The final diagnoses were: 18 adenocarcinomas, 9 neuroendocrine tumors, 7 chronic pancreatitis, and 1 stromal tumor. Power Doppler failed to display microcirculation, whereas harmonic imaging demonstrated it in all cases. Out of 18 lesions with a hypointense signal on CEH-EUS, 16 were adenocarcinomas. The sensitivity, specificity, negative predictive value (NPV), positive predictive value (PPV), and accuracy of hypointensity for diagnosing pancreatic adenocarcinoma were 89 %, 88 %, 88 %, 89 %, and 88.5 %, compared with corresponding values of 72 %, 100 %, 77 %, 100 %, and 86 % for EUS-FNA. Of five adenocarcinomas with false-negative results at EUS-FNA, four had a hypointense echo signal at CEH-EUS.

CONCLUSIONS

CEH-EUS with the new Olympus prototype device successfully visualizes the microvascular pattern in pancreatic solid lesions, and may be useful for distinguishing adenocarcinomas from other pancreatic masses.

摘要

背景和研究目的

目前的成像技术仍然难以将胰腺腺癌与其他胰腺肿块区分开来。本前瞻性研究旨在评估一种新方法的准确性,即通过对比增强谐波内镜超声(CEH-EUS)使用新型奥林巴斯原型超声内镜观察胰腺微循环模式。

患者和方法

35 名患有实体胰腺病变的患者被前瞻性纳入。所有患者均接受了常规 B 模式和功率多普勒 EUS 检查。

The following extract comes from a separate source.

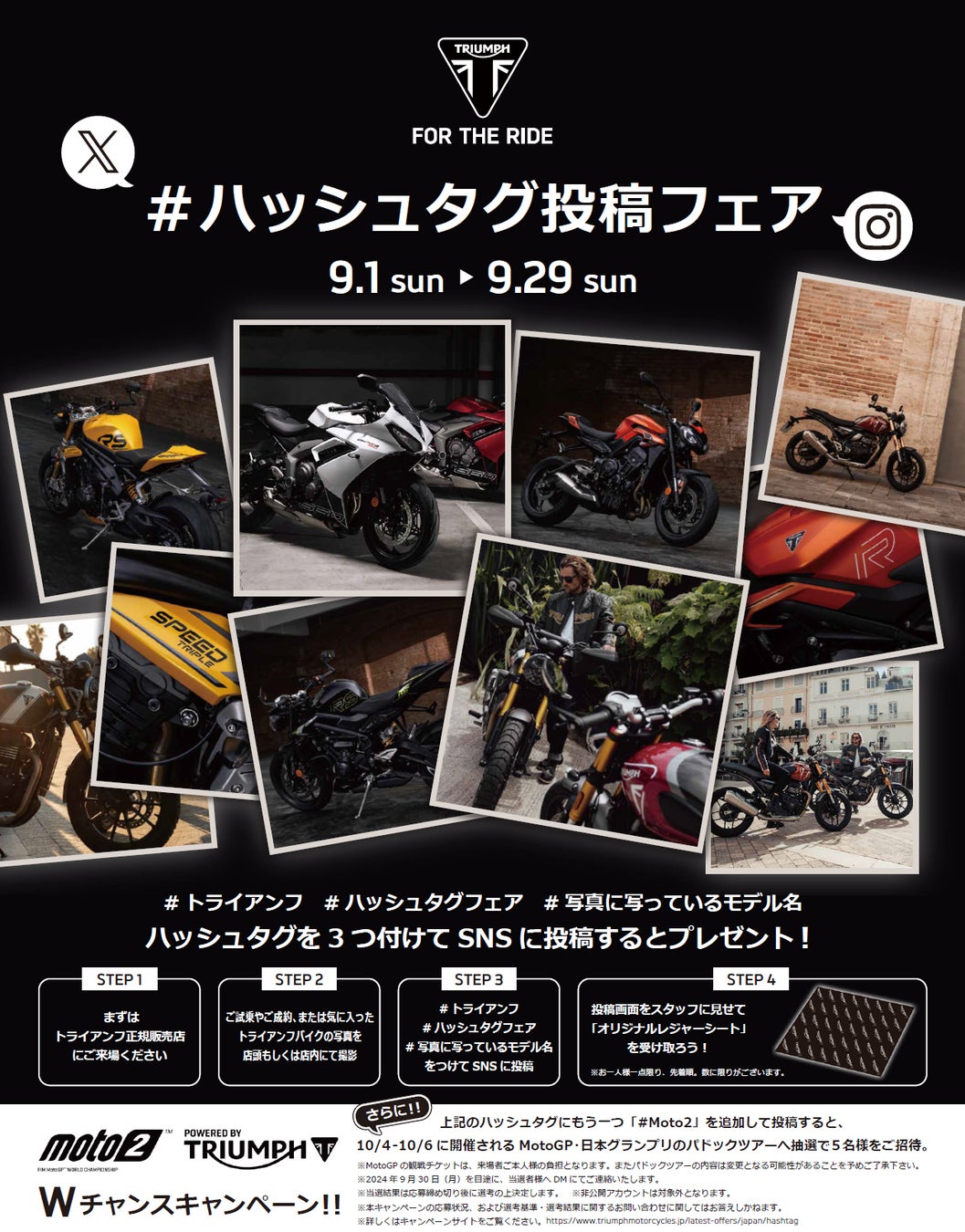 トライアンフモーターサイクルズジャパン株式会社(代表取締役社長:大貫 陽介 – 東京都港区) は、9月1日(土)~9月29日(日)までの期間中、初秋のキャンペーンとして全国のトライアンフ正規販売店にて「#ハッシュタグ投稿フェア」が開催中であることをお伝えします。

在静脉内推注 2.4 毫升第二代超声造影剂(SonoVue)后,使用新型奥林巴斯原型超声内镜(xGF-UCT 180)进行 CEH-EUS。微血管模式与基于手术标本的最终诊断、EUS 引导下细针抽吸(EUS-FNA)或至少 12 个月的随访进行比较。

结果

最终诊断为:18 例腺癌、9 例神经内分泌肿瘤、7 例慢性胰腺炎和 1 例间质瘤。功率多普勒未能显示微循环,而谐波成像则显示了所有病例。在 18 个 CEH-EUS 低信号病变中,16 个为腺癌。CEH-EUS 低信号诊断胰腺腺癌的灵敏度、特异性、阴性预测值(NPV)、阳性预测值(PPV)和准确性分别为 89%、88%、88%、89%和 88.5%,而 EUS-FNA 的相应值分别为 72%、100%、77%、100%和 86%。在 EUS-FNA 结果为假阴性的 5 例腺癌中,4 例在 CEH-EUS 中显示低回声信号。

结论

新型奥林巴斯原型设备的 CEH-EUS 成功地显示了胰腺实性病变的微血管模式,可能有助于区分腺癌与其他胰腺肿块。